> Work order
Only one stretch of the data should be retyped: the lines from the line containing "This Lab Emerald" through the line containing "Vestido Infantil Manga". Keep pictures out of it.

> Record set
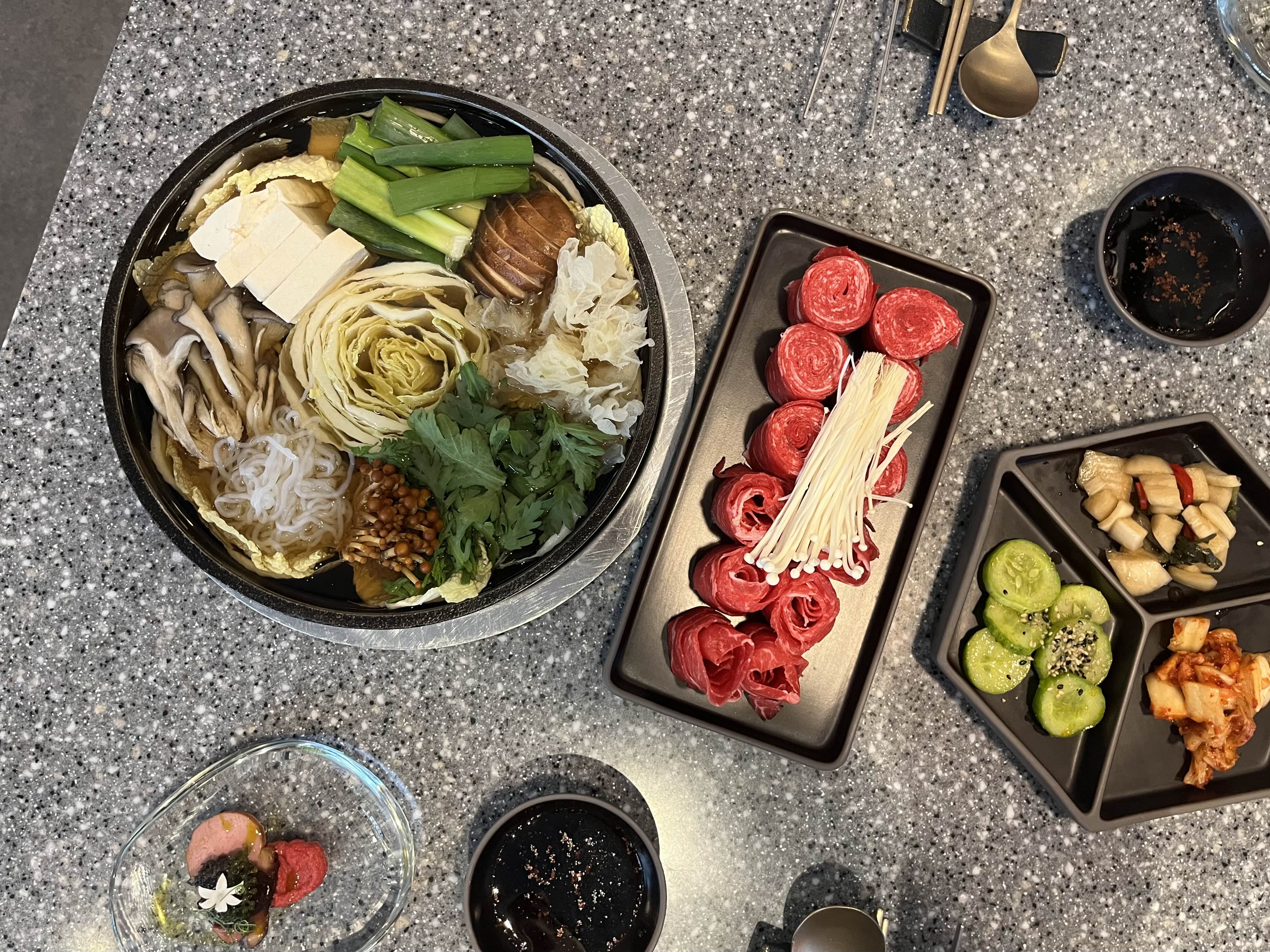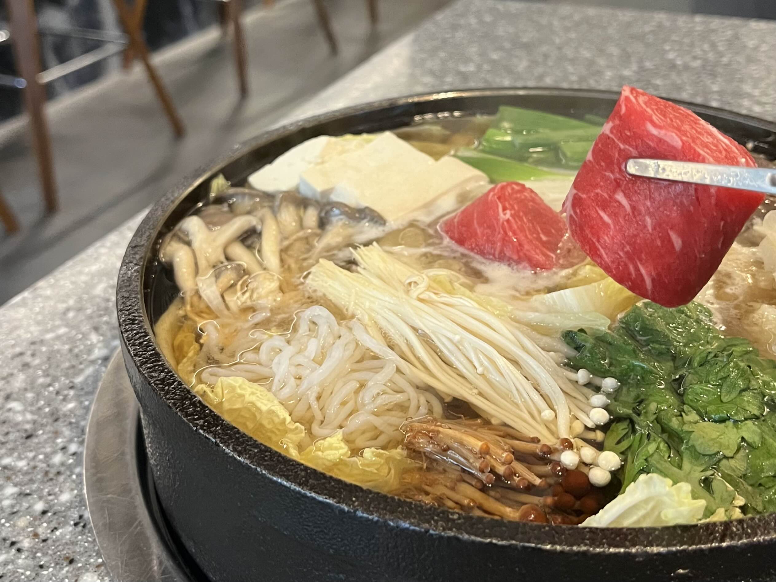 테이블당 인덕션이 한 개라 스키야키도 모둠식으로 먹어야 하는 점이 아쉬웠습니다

* * *

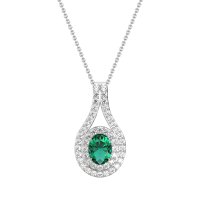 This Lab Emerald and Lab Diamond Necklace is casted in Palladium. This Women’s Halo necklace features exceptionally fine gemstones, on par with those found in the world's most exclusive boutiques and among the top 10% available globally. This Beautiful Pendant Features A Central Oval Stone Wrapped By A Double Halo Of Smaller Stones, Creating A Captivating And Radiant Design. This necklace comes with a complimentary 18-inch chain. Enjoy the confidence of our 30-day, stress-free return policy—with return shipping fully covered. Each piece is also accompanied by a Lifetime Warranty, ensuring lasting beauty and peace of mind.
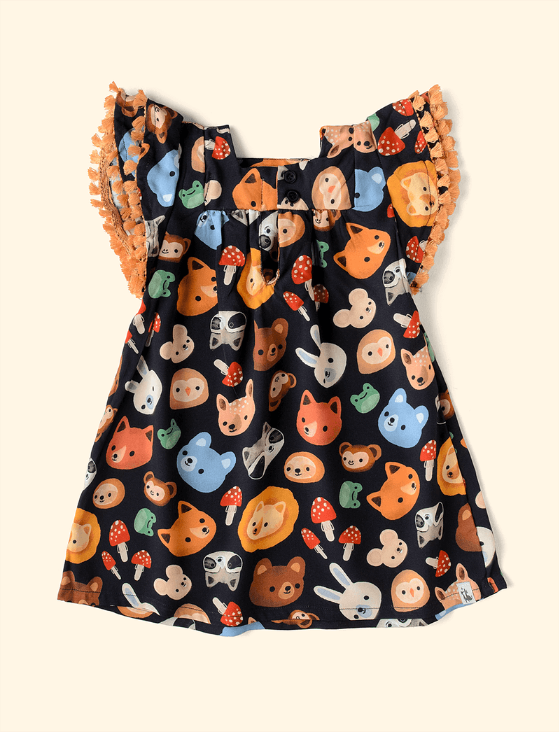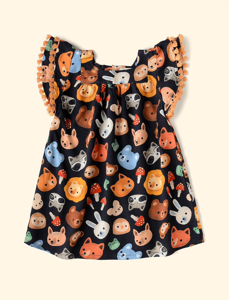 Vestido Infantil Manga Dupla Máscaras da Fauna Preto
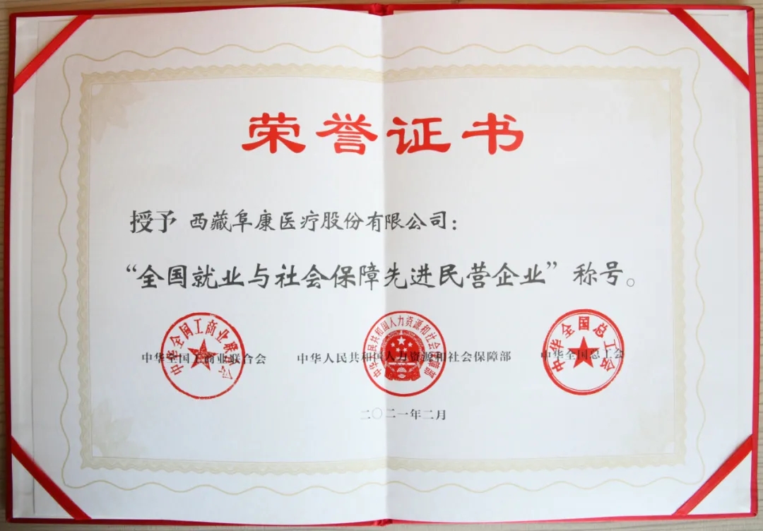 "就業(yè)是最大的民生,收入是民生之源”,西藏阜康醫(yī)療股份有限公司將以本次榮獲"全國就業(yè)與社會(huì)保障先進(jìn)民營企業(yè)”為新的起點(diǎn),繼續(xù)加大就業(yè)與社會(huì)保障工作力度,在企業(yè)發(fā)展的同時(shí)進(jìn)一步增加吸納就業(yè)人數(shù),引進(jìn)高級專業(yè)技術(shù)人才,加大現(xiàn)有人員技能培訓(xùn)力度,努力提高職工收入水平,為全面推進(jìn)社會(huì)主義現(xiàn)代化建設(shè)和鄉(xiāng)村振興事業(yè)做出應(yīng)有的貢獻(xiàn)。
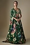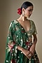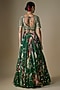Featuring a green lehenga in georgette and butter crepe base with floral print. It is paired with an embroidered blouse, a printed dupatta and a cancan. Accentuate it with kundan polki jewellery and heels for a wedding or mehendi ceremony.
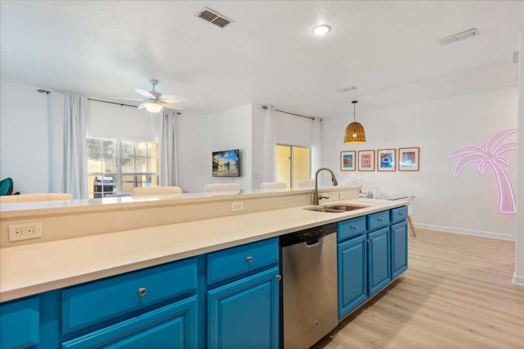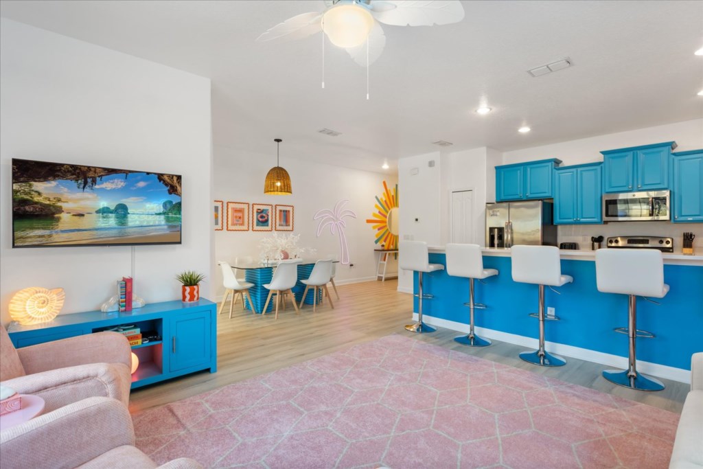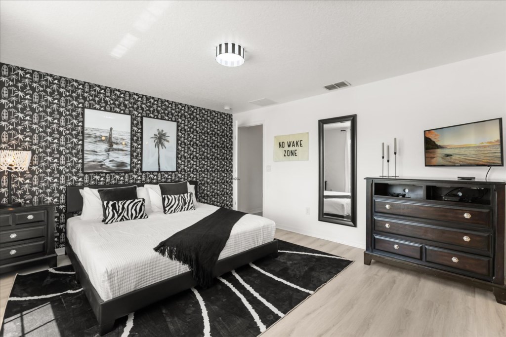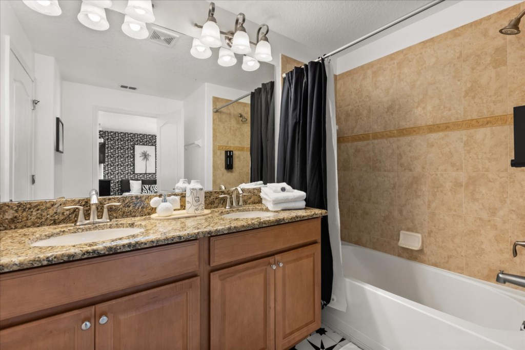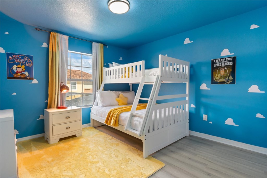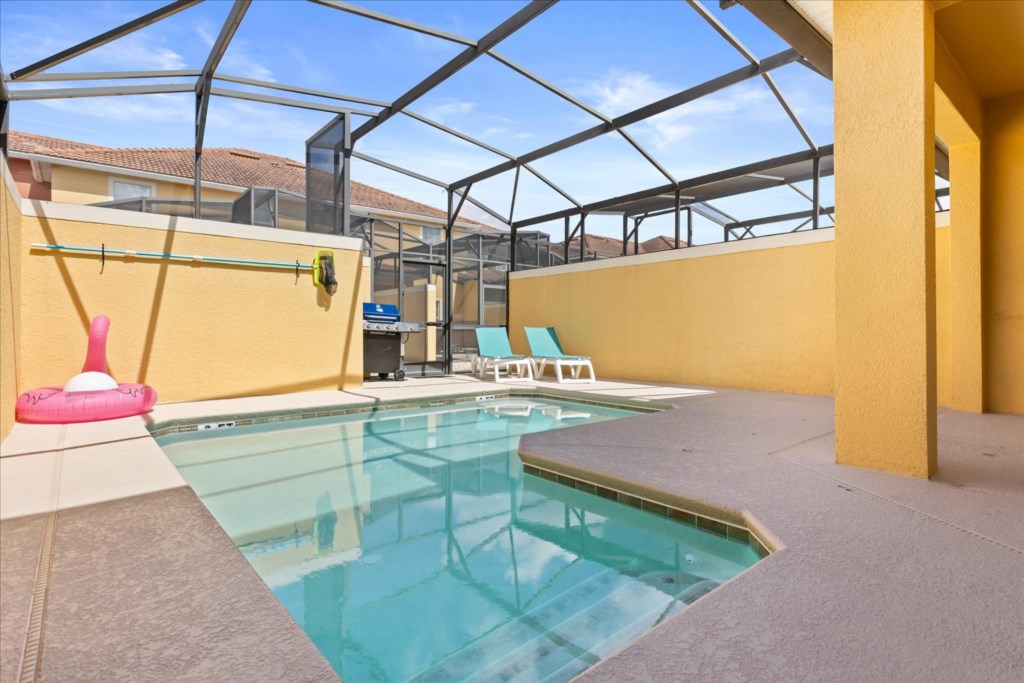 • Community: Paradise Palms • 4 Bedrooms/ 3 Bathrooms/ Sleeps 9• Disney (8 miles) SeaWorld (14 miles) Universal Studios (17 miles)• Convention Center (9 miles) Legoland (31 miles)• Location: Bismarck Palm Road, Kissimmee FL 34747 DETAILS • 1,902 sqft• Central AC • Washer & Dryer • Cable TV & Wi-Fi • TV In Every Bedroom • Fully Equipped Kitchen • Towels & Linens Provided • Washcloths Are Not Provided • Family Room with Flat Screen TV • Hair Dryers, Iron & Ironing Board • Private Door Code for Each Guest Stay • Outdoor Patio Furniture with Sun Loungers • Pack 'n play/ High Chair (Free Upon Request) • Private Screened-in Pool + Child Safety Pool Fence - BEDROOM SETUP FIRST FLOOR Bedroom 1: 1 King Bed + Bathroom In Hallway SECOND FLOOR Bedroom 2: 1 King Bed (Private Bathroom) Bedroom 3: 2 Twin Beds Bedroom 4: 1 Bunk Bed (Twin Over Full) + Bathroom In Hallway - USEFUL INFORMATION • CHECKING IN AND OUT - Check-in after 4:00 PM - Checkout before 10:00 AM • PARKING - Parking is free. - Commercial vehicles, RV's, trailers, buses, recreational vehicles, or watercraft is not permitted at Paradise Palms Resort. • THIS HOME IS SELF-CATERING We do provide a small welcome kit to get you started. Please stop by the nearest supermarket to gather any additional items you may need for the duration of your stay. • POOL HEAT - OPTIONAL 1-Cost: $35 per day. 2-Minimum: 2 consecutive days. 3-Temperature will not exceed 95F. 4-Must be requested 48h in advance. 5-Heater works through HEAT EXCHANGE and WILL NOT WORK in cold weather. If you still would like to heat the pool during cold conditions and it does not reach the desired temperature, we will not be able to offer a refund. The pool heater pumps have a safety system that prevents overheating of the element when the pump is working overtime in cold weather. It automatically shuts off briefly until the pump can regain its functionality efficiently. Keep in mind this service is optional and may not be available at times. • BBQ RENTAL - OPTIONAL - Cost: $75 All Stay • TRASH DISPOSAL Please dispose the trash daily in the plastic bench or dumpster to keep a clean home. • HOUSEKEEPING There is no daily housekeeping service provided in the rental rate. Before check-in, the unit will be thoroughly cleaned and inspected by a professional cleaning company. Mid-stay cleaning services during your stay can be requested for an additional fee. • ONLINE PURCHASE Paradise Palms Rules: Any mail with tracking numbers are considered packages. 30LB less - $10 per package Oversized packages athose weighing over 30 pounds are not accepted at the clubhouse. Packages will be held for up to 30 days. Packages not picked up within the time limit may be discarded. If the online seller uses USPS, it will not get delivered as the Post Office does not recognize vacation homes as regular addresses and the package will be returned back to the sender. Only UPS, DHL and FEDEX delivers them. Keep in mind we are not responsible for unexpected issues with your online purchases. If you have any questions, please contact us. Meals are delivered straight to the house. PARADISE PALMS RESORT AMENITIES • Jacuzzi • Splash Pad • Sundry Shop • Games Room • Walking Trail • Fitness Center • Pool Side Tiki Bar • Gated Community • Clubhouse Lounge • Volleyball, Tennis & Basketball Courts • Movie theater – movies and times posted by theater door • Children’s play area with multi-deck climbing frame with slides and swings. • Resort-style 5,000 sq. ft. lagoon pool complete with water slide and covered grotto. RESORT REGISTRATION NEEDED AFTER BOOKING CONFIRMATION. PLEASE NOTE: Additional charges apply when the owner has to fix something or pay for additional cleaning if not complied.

> Answer for the task
 This Lab Emerald and Lab Diamond Necklace is casted in Palladium. This Women’s Halo necklace features exceptionally fine gemstones, on par with those found in the world's most exclusive boutiques and among the top 10% available globally. This Beautiful Pendant Features A Central Oval Stone Wrapped By A Double Halo Of Smaller Stones, Creating A Captivating And Radiant Design. This necklace comes with a complimentary 18-inch chain. Enjoy the confidence of our 30-day, stress-free return policy—with return shipping fully covered. Each piece is also accompanied by a Lifetime Warranty, ensuring lasting beauty and peace of mind.
 Vestido Infantil Manga Dupla Máscaras da Fauna Preto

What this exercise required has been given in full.